RANDOM LINKS FOR 9/16/11
Sep 15th, 2011 by Clark Humphrey

designsbuzz.com

  • The Seattlest gang’s putting out, in installments, a revised and updated “guide to Seattle stereotypes.”
  • Neighborhood activists are starting a tiny but intelligently stocked mini-grocery in the Lost Valley of Delridge, an area bereft of places selling anything more nutritious than Budweiser.
  • What’s the biggest fear of people buying into a 33-story condo tower? That somebody will block their view with a 40-story condo tower a block away.
  • Let’s try to get this straight. A candidate for King County Council has a brother who administers an arts program for at-risk youth. Said arts program puts out, for the first time in its history, a “student made” newspaper. Said paper includes several mentions praising the administrator’s sis and several other mentions disparaging her election opponent. Oh, and the thing was partly made with City funds.
  • Microsoft’s immensely profitable. Its stock price has essentially been “flat” for some time. One more reason for America’s socio-economic nabobs to stop believing in the Almighty Stock Price as the all-determining value of everything.
  • Progressive economist Remy Trupin looks at Wash. state’s no-end-in-sight budget hole and insists that from this point on, “further cuts are not an option.”
  • A hundred years ago, eight destitute young women were killed in an accident at a Chehalis explosives factory. Their joint grave has finally been rediscovered.
  • The Illinois company now calling itself Boeing has friends among the House Republicans. That body just approved, in a symbolic gesture certain to sink in the Senate, a bill to strip Federal protection for workers whose jobs were outsourced as punishment for union organizing.
  • If we must say goodbye to Cyndy’s House of Pancakes on Aurora (closed as of July after 53 years), at least we can be consoled that housing for the formerly-homeless will go up on the site.
  • There was a hearing about a plan for a homeless shelter in Lake City. The senior-housing developer SHAG bused in residents to speak against the plan. One of these speakers called the homeless “garbage.” Brutal insensitivity: It’s not just for Republican campaign events any more.
  • Couldn’t happen to an un-nicer guy: There’s an FBI corruption probe of figures surrounding Wisconsin Gov. Scott Walker and cronies.
  • The 3-D movie craze? Dead already. Again.
  • How will the record labels survive? Some are diversifying into other businesses. Such as, according to a Federal indictment, international cocaine smuggling. (I know what you’re thinking. Drugs in the music industry? Never!)
  • We go out on a snarky note with some books Borders can’t even give away.

RANDOM LINKS FOR 9/15/11
Sep 14th, 2011 by Clark Humphrey

• Lake City’s legendary, recently-closed Rimrock Steak House is saved! Well, maybe.

• Starbucks gave away download codes for a “free” ebook. The document turned out to exclude the novel’s ending, telling readers they had to get the paid version to learn what happens.

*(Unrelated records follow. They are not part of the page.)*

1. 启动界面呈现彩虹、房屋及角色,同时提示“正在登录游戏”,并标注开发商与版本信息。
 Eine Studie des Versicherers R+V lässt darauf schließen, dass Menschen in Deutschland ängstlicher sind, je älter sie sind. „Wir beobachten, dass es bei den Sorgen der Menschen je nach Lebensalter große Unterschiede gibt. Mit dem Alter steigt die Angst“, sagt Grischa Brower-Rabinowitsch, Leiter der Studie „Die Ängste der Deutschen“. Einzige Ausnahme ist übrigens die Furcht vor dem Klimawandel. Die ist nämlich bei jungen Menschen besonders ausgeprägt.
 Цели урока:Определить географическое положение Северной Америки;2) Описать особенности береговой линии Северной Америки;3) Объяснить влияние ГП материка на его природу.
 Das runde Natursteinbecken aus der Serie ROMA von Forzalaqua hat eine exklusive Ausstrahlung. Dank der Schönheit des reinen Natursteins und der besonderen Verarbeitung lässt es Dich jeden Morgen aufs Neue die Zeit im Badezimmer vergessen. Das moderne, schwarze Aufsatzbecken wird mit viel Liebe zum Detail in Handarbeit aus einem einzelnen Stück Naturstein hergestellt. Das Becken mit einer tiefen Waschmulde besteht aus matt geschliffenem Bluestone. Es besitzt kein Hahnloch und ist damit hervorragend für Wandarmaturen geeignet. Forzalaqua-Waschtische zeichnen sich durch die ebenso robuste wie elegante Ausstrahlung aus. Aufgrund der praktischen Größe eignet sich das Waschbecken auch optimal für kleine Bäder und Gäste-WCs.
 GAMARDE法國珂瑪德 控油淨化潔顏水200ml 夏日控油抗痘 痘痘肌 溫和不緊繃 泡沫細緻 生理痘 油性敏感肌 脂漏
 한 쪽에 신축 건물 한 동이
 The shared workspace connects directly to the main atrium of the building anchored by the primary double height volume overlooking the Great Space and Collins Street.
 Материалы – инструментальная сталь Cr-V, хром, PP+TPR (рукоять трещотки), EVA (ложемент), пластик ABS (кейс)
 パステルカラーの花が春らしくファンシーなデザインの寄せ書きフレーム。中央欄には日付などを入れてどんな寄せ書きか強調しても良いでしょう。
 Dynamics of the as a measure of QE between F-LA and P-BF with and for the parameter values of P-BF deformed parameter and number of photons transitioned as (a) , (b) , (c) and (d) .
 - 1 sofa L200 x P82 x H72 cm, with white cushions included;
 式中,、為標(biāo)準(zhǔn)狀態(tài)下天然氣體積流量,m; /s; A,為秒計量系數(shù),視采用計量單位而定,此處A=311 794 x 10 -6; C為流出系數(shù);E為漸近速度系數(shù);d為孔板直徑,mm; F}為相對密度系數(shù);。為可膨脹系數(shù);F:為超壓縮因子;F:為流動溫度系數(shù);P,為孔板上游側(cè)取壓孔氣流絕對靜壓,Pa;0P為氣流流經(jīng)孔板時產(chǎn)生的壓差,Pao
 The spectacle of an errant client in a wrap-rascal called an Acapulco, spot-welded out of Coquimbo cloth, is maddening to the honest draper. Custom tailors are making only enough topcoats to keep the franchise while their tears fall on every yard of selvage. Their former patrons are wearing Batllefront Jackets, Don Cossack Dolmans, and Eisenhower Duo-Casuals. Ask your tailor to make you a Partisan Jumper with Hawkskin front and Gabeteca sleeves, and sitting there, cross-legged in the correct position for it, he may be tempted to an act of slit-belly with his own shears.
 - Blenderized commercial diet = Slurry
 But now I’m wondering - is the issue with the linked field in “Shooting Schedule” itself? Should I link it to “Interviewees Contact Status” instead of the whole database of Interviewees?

• Get ready for Sleepless in Seattle, the Musical. In preparation for years, it’s set to open in L.A. next summer.

• The Longview longshoremen’s strike might be ending.

• J.P. Patches, who announced his retirement from public appearances earlier this summer, will make his last one this Saturday at Fishermen’s Terminal.

• Darn. Just when we were getting used to Dennis Kucinich, turns out he’s probably not coming to stay.

• The Republicans have a master plan for winning the White House. It has little to do with actually fielding a mass-appeal candidate (or even a sane candidate), and everything to do with voter suppression and making the Electoral College even more unfair.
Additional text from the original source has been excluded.